== Segment start ==
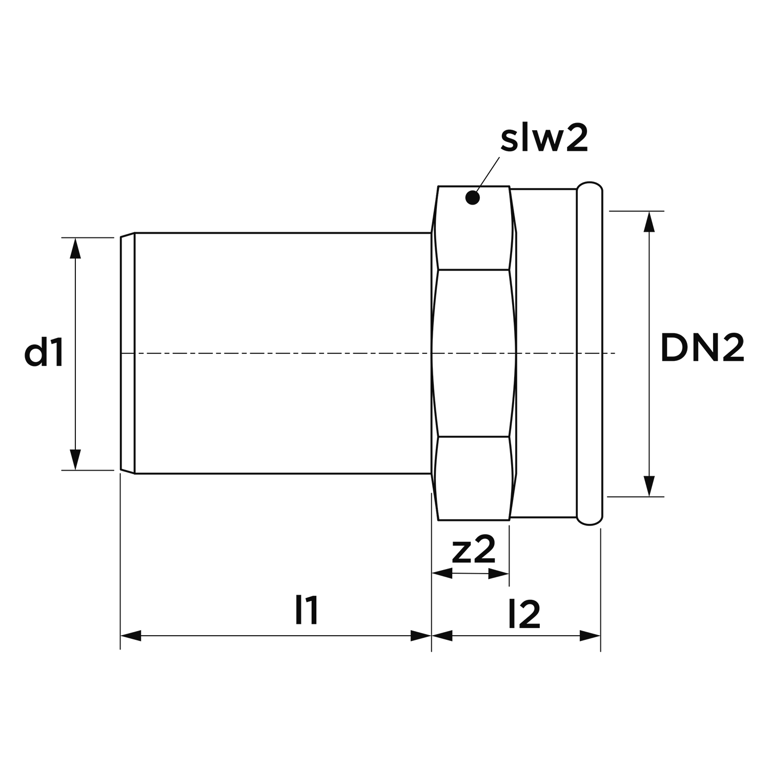 • Uitwendige buisdiameter aansluiting 2: 21,3 mm
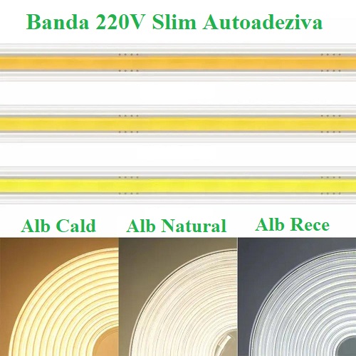Specificatii Banda LED COB 220V Slim Silicon Transparent Autoadeziva
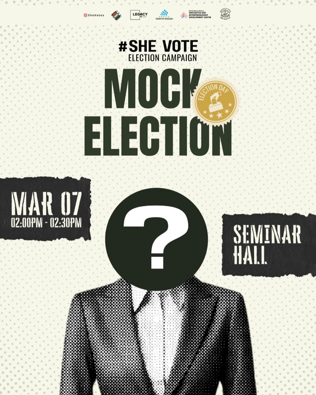 `Mock Election`⚡ *Your Vote, Your Voice! 🗳️* This is your chance to engage in the democratic process and cast your vote in a simulated election. Whether you're a first-time voter or an experienced one, this event is designed to help you understand the importance of voting and how elections work in a fun and interactive way. This is your chance to make your voice heard, so don’t miss out. Remember, your vote counts, even if it’s just in a mock election!
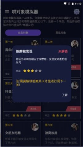 2、游戏提供了多个互动对象,每个对象都有独立的角色和背景故事。
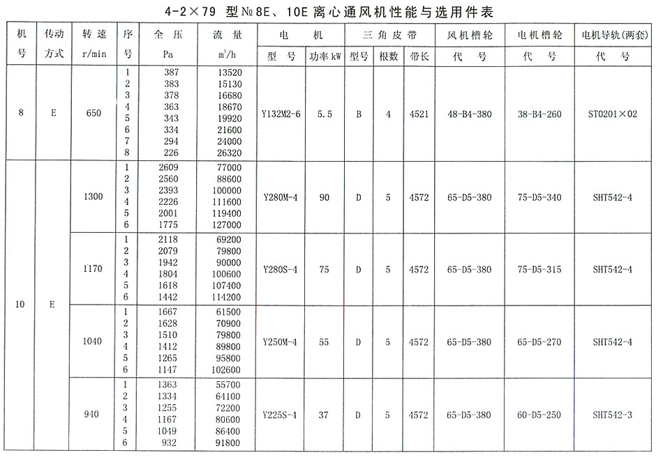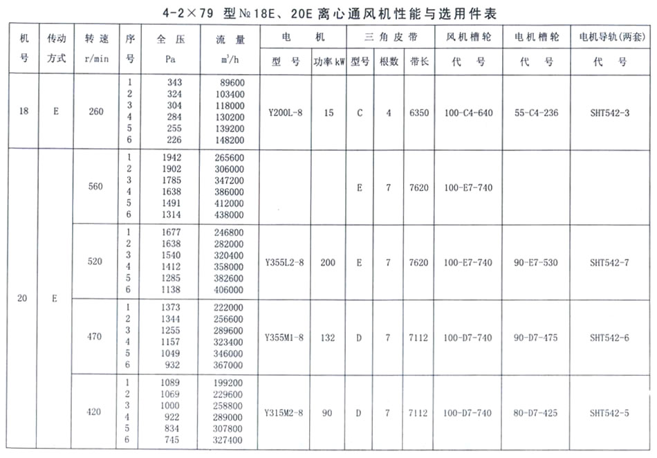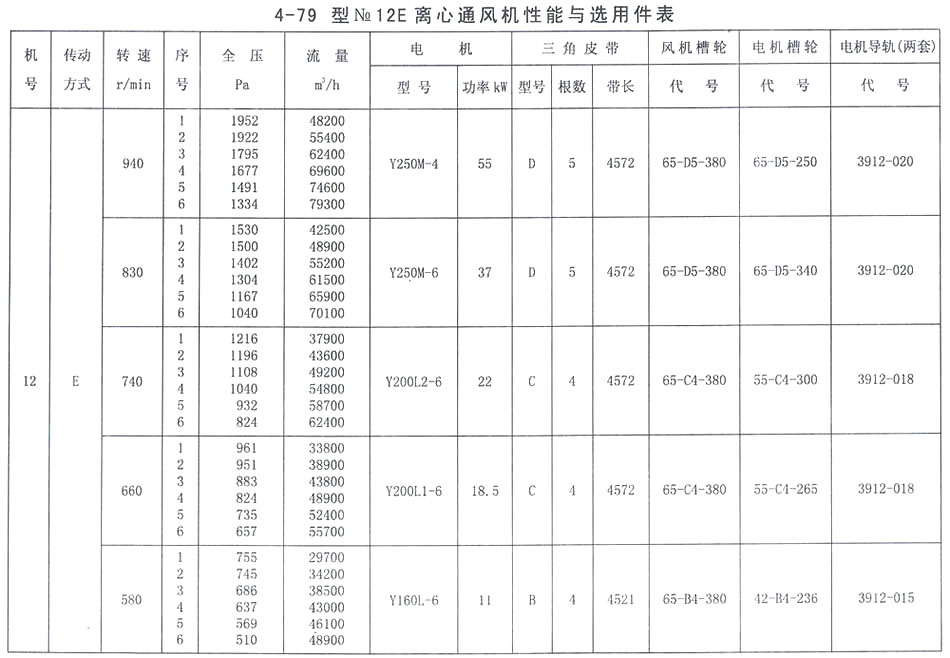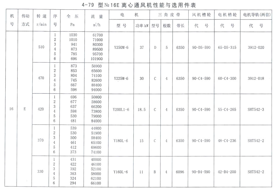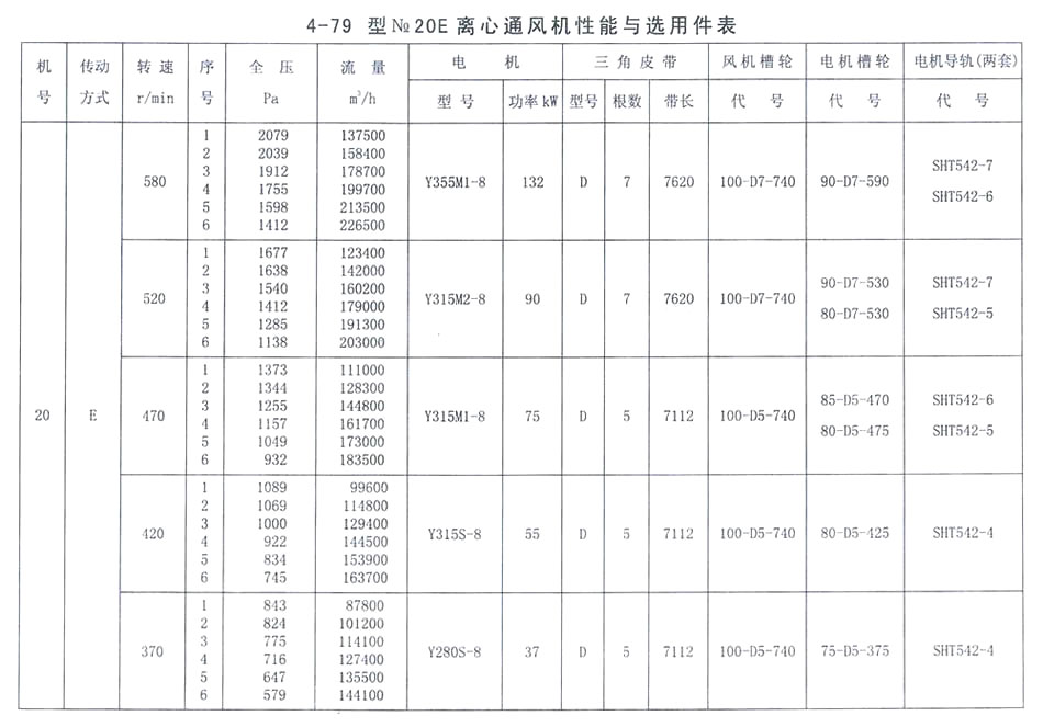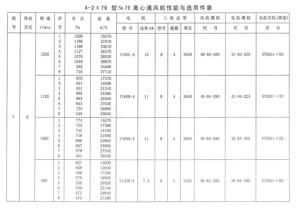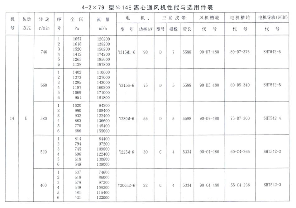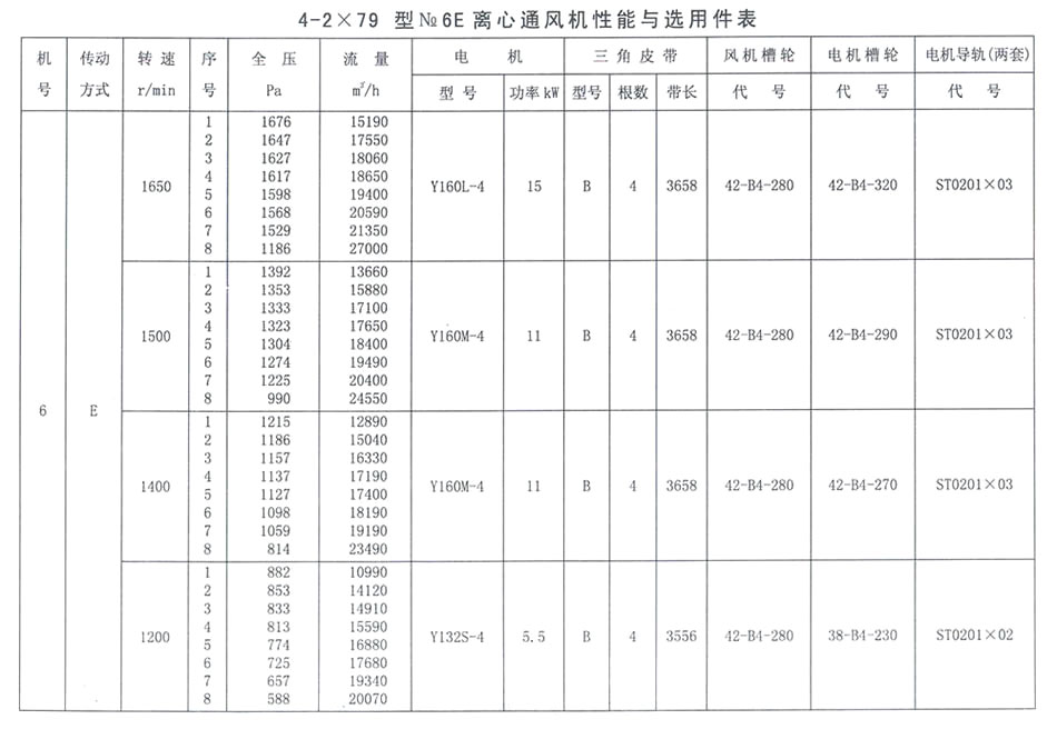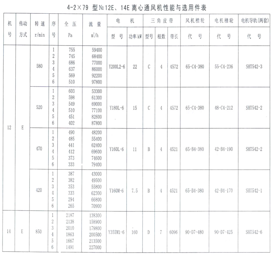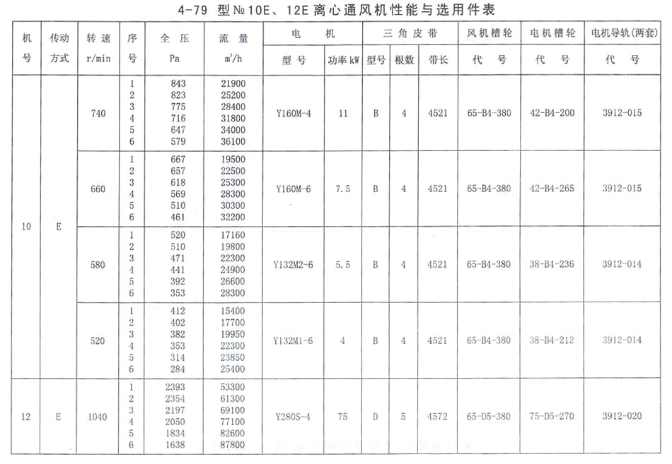 2、風機的出口位置,以機殼的出口角度表示。4-79型風機No3A~6A在出廠時均做成一種型式,使用單位根據要求再安裝成所需要的位置,出風口位置調整范圍0度~225度,間隔是45℃;No7C~8C出風口位置調整范圍0度~180度,間隔22.5度;No10E~20E單進風和雙進風出風口位置均制成固定大三種:0度、90度、180度,不能調整。如果您需要特殊機號、特殊出風口角度等非標準型號,我公司可為您設計和制造,但訂貨時需詳細注明。
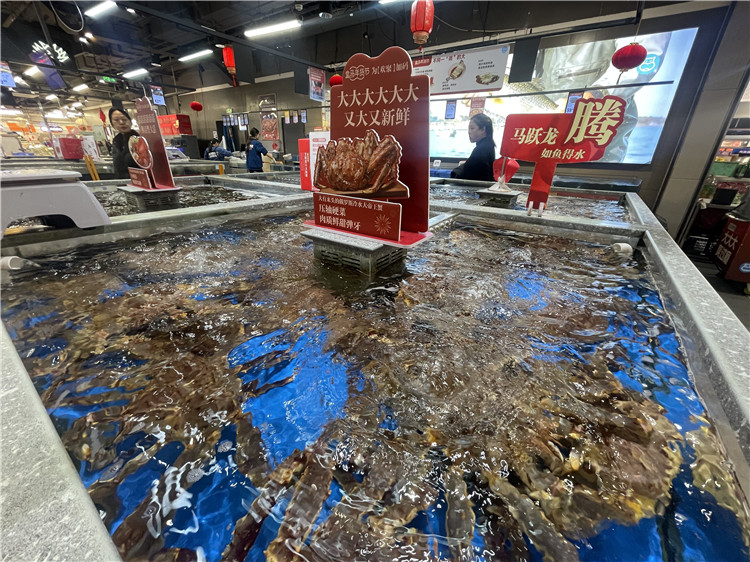 为保障过年期间大海鲜的供应,盒马提前在备货及运输上做好保障。2月以来,帝王蟹备货量超300吨,是平日的十倍。除夕当天,盒马海鲜品类单日销量增长超50%,其中帝王蟹、三文鱼、波士顿龙虾销量最高。帝王蟹仍是消费者年夜饭大海鲜的首选,除夕当日销量较去年除夕峰值规模增长60%,苏州盛泽店单日卖出超过600只,苏州也成为全国帝王蟹销量最高的城市。
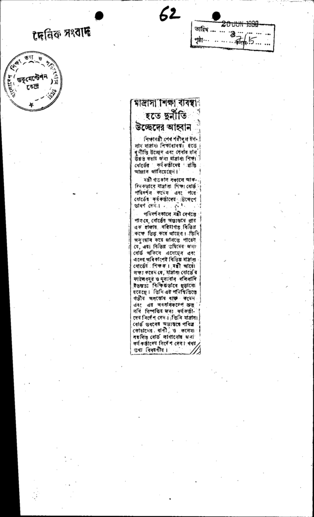 মাদ্রাসা শিক্ষা ব্যবস্থা হইতে দুর্নীতি উচ্ছেদের আহবান
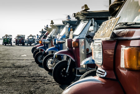 CHONBURI, THAILAND - JUNE 4 : Group of Tuk tuk on 4 June 2016 in Sriracha, Chonburi, Thailand
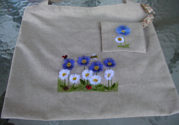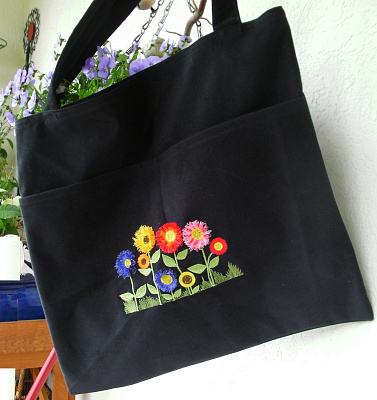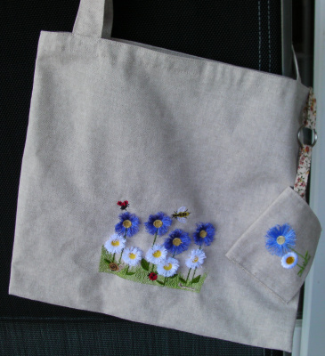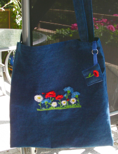 | "Blumenwiese" - nach dem 1. Sticken gab es natürlich noch einige Korrekturen, die man vor dem Sticken nicht so recht sieht. Es ist eine Kombination mit geschnittenen und ungeschnittenen Blumen. | Meine erste Tasche, die schon recht lange einem "Gebrauchstest" unterliegt. Den Fransen passiert wirklich nichts, die bleiben standhaft, werden nicht platt und "gehen auch nicht aus". | |||||||
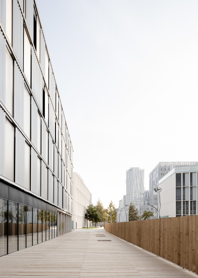 The new campus forms a compact urban unit. Buildings rise like sculptures along the Ronda Litoral and brilliantly symbolise what the campus wishes to be: a confluence of knowledge and exchanging ideas, of education and research for students, professors and researchers, in a contemporary and open environment with a promising and sustainable vision of the future.
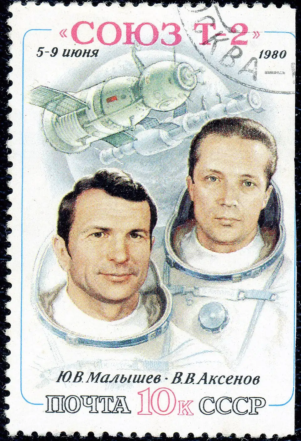 Почтовая марка СССР 1976 года. «Союз-22», фотографирование Земли из космоса. Номер по каталогу ЦФА — 4667.11 июня 2011 года в Рязани на улице Циолковского в сквере имени Уткина открыт бюст В. В. Аксёнову;
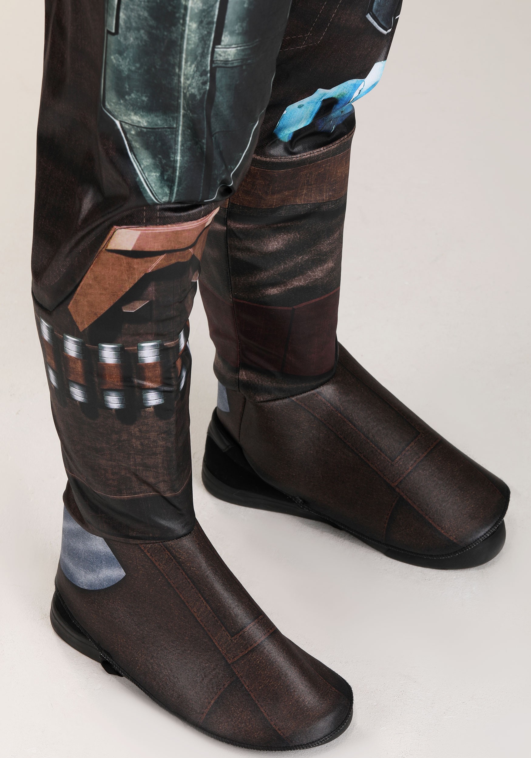 Inspired by one of the greatest warriors of the Star Wars universe, The Mandalorian Costume will have you prepared for anything! The costume comes with a jumpsuit that uses a combination of printed details and Qualux material to recreate the look of his signature armor set. The suit has silver metallic colors that mimic the look of Beskar Steel and printed belts to give you a single piece to make you feel like a true Mandalorian.
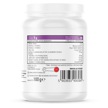 OstroVit Pharma Immune Aid apvieno sešus imunitāti atbalstošus sastāvdaļus — Vitamīnu C, Vitamīnu D3, cinku, inulīnu, zāritekļu ekstrakt un acerolas ķeršu ekstrakt — ērtā pulverī ar avošu garšu. Inulīns darbojas kā prebiotiks, uzturot labās zarnu baktērijas. Pieejams Omegafit.ee interneta veikalā no Pērnavas, Igaunijā, piegāde 1-2 dienās uz Latviju.
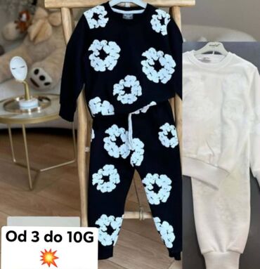 Druga veličina (visina u cm)Dečiji komplet džemper + donji deo (trenerka) sa printom belih cvetnih krugova.
== Segment end ==
• [Task brief]: Pictures stay out of the copy; print the material above exactly.

• [Answer for this exercise]:
 • Uitwendige buisdiameter aansluiting 2: 21,3 mm
Specificatii Banda LED COB 220V Slim Silicon Transparent Autoadeziva
 `Mock Election`⚡ *Your Vote, Your Voice! 🗳️* This is your chance to engage in the democratic process and cast your vote in a simulated election. Whether you're a first-time voter or an experienced one, this event is designed to help you understand the importance of voting and how elections work in a fun and interactive way. This is your chance to make your voice heard, so don’t miss out. Remember, your vote counts, even if it’s just in a mock election!
 2、游戏提供了多个互动对象,每个对象都有独立的角色和背景故事。
 2、風機的出口位置,以機殼的出口角度表示。4-79型風機No3A~6A在出廠時均做成一種型式,使用單位根據要求再安裝成所需要的位置,出風口位置調整范圍0度~225度,間隔是45℃;No7C~8C出風口位置調整范圍0度~180度,間隔22.5度;No10E~20E單進風和雙進風出風口位置均制成固定大三種:0度、90度、180度,不能調整。如果您需要特殊機號、特殊出風口角度等非標準型號,我公司可為您設計和制造,但訂貨時需詳細注明。
 为保障过年期间大海鲜的供应,盒马提前在备货及运输上做好保障。2月以来,帝王蟹备货量超300吨,是平日的十倍。除夕当天,盒马海鲜品类单日销量增长超50%,其中帝王蟹、三文鱼、波士顿龙虾销量最高。帝王蟹仍是消费者年夜饭大海鲜的首选,除夕当日销量较去年除夕峰值规模增长60%,苏州盛泽店单日卖出超过600只,苏州也成为全国帝王蟹销量最高的城市。
 মাদ্রাসা শিক্ষা ব্যবস্থা হইতে দুর্নীতি উচ্ছেদের আহবান
 CHONBURI, THAILAND - JUNE 4 : Group of Tuk tuk on 4 June 2016 in Sriracha, Chonburi, Thailand
 | "Blumenwiese" - nach dem 1. Sticken gab es natürlich noch einige Korrekturen, die man vor dem Sticken nicht so recht sieht. Es ist eine Kombination mit geschnittenen und ungeschnittenen Blumen. | Meine erste Tasche, die schon recht lange einem "Gebrauchstest" unterliegt. Den Fransen passiert wirklich nichts, die bleiben standhaft, werden nicht platt und "gehen auch nicht aus". | |||||||
 The new campus forms a compact urban unit. Buildings rise like sculptures along the Ronda Litoral and brilliantly symbolise what the campus wishes to be: a confluence of knowledge and exchanging ideas, of education and research for students, professors and researchers, in a contemporary and open environment with a promising and sustainable vision of the future.
 Почтовая марка СССР 1976 года. «Союз-22», фотографирование Земли из космоса. Номер по каталогу ЦФА — 4667.11 июня 2011 года в Рязани на улице Циолковского в сквере имени Уткина открыт бюст В. В. Аксёнову;
 Inspired by one of the greatest warriors of the Star Wars universe, The Mandalorian Costume will have you prepared for anything! The costume comes with a jumpsuit that uses a combination of printed details and Qualux material to recreate the look of his signature armor set. The suit has silver metallic colors that mimic the look of Beskar Steel and printed belts to give you a single piece to make you feel like a true Mandalorian.
 OstroVit Pharma Immune Aid apvieno sešus imunitāti atbalstošus sastāvdaļus — Vitamīnu C, Vitamīnu D3, cinku, inulīnu, zāritekļu ekstrakt un acerolas ķeršu ekstrakt — ērtā pulverī ar avošu garšu. Inulīns darbojas kā prebiotiks, uzturot labās zarnu baktērijas. Pieejams Omegafit.ee interneta veikalā no Pērnavas, Igaunijā, piegāde 1-2 dienās uz Latviju.
 Druga veličina (visina u cm)Dečiji komplet džemper + donji deo (trenerka) sa printom belih cvetnih krugova.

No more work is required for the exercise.